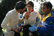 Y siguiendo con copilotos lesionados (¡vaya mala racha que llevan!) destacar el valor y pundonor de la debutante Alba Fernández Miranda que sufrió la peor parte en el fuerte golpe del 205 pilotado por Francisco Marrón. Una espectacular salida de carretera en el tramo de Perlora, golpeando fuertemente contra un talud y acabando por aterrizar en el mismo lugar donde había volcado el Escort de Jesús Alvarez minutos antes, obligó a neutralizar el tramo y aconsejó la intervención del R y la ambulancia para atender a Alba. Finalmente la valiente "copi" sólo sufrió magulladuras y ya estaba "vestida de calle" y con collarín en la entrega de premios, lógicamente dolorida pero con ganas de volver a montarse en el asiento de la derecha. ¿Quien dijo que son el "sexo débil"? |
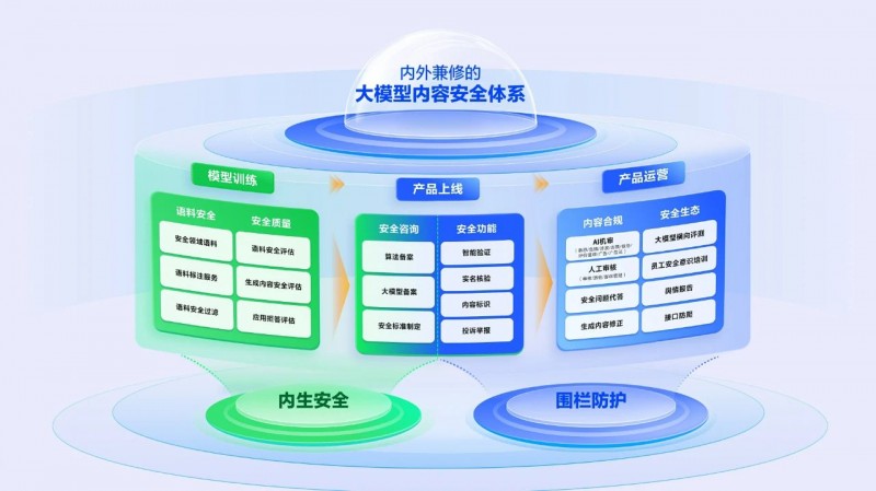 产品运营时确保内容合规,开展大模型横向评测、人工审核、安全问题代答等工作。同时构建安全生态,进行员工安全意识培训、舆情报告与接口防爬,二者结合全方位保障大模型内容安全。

* * *

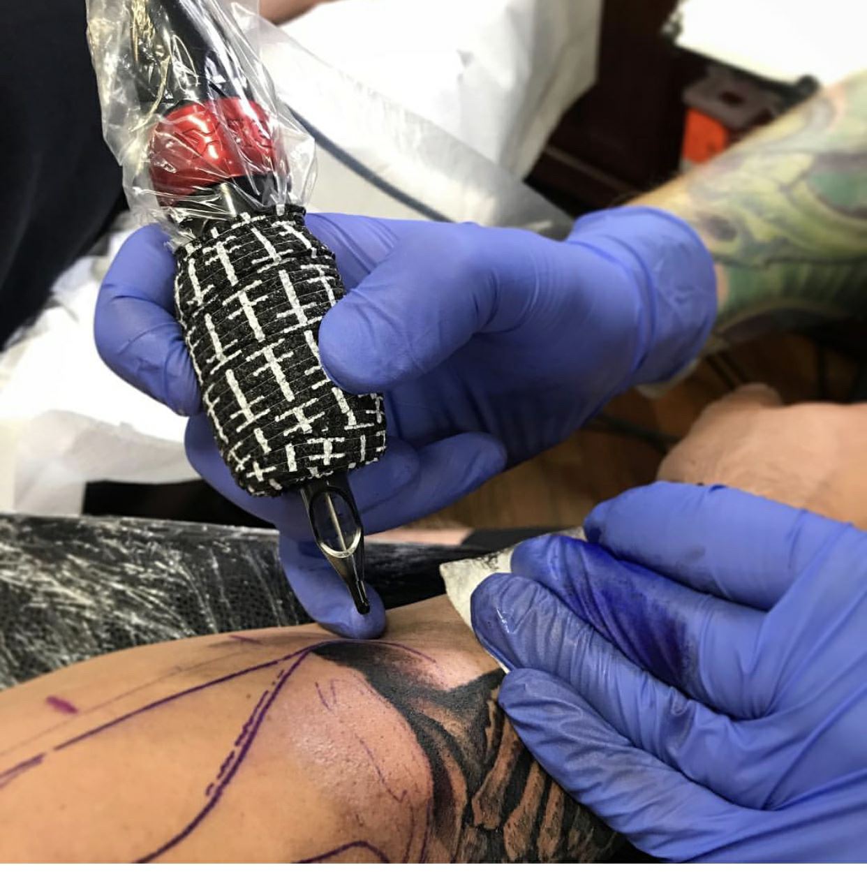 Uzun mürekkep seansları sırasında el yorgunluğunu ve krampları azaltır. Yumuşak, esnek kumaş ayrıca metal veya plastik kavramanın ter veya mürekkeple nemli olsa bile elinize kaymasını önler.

==

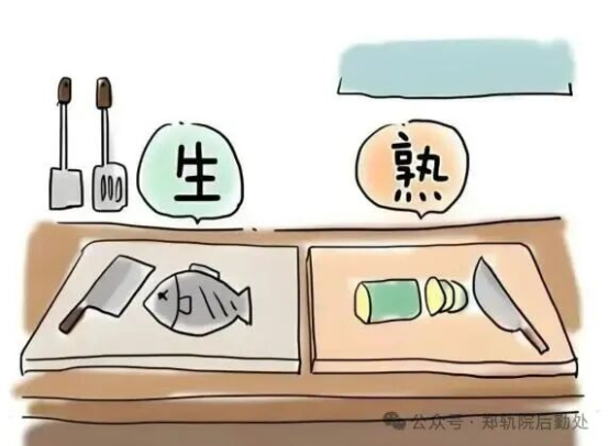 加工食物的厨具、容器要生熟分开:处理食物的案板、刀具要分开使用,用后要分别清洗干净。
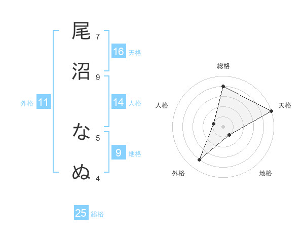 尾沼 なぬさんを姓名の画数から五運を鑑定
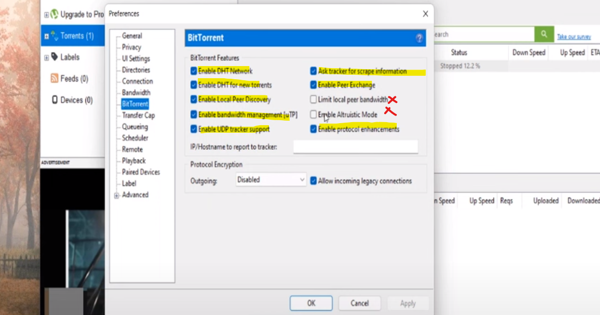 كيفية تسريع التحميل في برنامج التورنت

- **TASK REQUIREMENTS**
Beginning at the line above that contains "Y siguiendo con", repeat each line exactly through the one that contains "产品运营时确保内容合规,开展", and leave out the pictures.

- **SOLVED PROBLEM**
 Y siguiendo con copilotos lesionados (¡vaya mala racha que llevan!) destacar el valor y pundonor de la debutante Alba Fernández Miranda que sufrió la peor parte en el fuerte golpe del 205 pilotado por Francisco Marrón. Una espectacular salida de carretera en el tramo de Perlora, golpeando fuertemente contra un talud y acabando por aterrizar en el mismo lugar donde había volcado el Escort de Jesús Alvarez minutos antes, obligó a neutralizar el tramo y aconsejó la intervención del R y la ambulancia para atender a Alba. Finalmente la valiente "copi" sólo sufrió magulladuras y ya estaba "vestida de calle" y con collarín en la entrega de premios, lógicamente dolorida pero con ganas de volver a montarse en el asiento de la derecha. ¿Quien dijo que son el "sexo débil"? |
 产品运营时确保内容合规,开展大模型横向评测、人工审核、安全问题代答等工作。同时构建安全生态,进行员工安全意识培训、舆情报告与接口防爬,二者结合全方位保障大模型内容安全。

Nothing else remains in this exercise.